Transcoding Pipeline Flow

1. Object Storage

Workers need to read source video and write encoded output. Register an existing S3 endpoint as a storage connection under Settings → Storage. PodWarden tests connectivity from all cluster nodes and injects credentials as environment variables at deploy time.

If you don't have S3 storage:

MinIO — Import from Hub. Deploy to a node with fast disk (NVMe recommended for video I/O). Exposes a full S3 API; every other component treats it identically to AWS S3.
RustFS — High-performance alternative, also S3-compatible. Better suited for high-throughput encode pipelines with many simultaneous workers.

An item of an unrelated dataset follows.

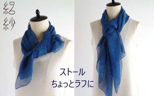- ストール 絽紗 はじめての藍染 シルク100% 色の重なりを楽しむ藍染ストール レディース | おしゃれ シンプル マフラー 春夏 春 夏 プレゼント ギフト 母の日 新潟県 五泉市 株式会社 横正機業場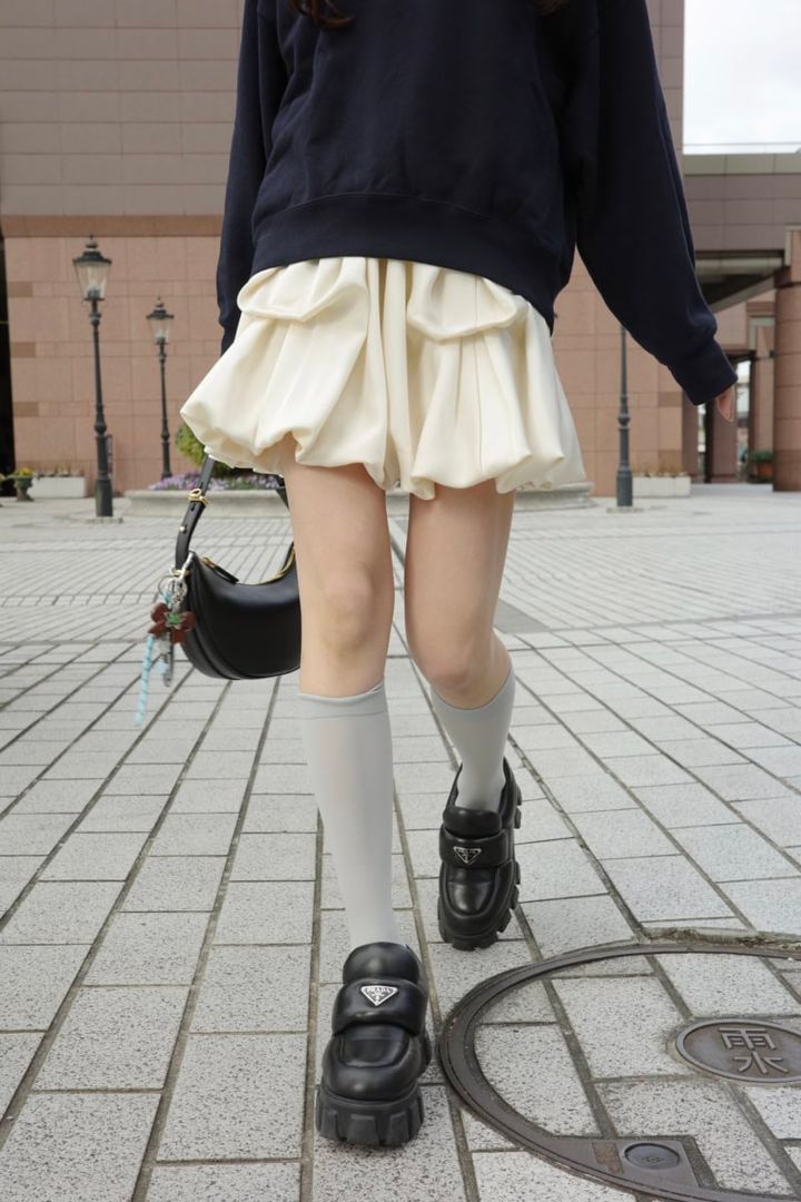 「トップスをカジュアルにまとめているので、ボトムは思いっきりガーリーに。タックバルーンのサテンスカートは、デザインが可愛くて気に入っています。スウェットの中には白シャツを入れて、ラフになりすぎないようにしました!」(idem / ANUブランドディレクター・村田倫子さん)

Create two buckets: one for ingest (source files), one for output (encoded files).

2. Job Queue

Workers poll the queue for jobs, transcode, and report completion. Pick based on what you know:

Redis — Simple, fast, widely supported. Import from Hub. Workers use BLPOP or a queue library.
RabbitMQ — More durable, supports dead-letter queues for failed jobs. Better for high-volume pipelines where job loss is not acceptable.

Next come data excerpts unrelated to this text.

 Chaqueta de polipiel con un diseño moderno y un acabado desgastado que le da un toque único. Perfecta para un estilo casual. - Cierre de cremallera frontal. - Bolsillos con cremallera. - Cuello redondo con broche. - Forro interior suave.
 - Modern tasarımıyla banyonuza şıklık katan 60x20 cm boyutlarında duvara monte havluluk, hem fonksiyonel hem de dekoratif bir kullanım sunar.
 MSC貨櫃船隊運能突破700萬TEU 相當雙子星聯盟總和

If you use a cloud queue (SQS, Cloud Tasks), set the QUEUE_URL environment variable accordingly — no Hub component needed.

3. Monitoring

Import Prometheus, Grafana, and DCGM Exporter from Hub.

Deploy DCGM Exporter as a DaemonSet — it runs on every GPU node automatically and exposes per-GPU metrics including NVENC/NVDEC engine utilization (on supported drivers). On Jetson, the equivalent is Tegrastats Exporter — also available from the Hub catalog.

Grafana shows queue depth, encode throughput (frames/second per node), GPU/encoder utilization, and error rates. This tells you immediately when a node is stalled, when the queue is backing up, or when a bad source file is causing repeated failures.

4. Secrets

Store S3 credentials, queue passwords, and registry credentials in Vault (from Hub) or your existing secrets manager. PodWarden injects secrets via secret_refs at deploy time — they never appear in template definitions or deployment logs.

5. Container Registry (optional but recommended)

Jetson workers require ARM64 images built on top of NVIDIA's L4T base (nvcr.io/nvidia/l4t-base). You'll likely maintain a custom FFmpeg image for your pipeline.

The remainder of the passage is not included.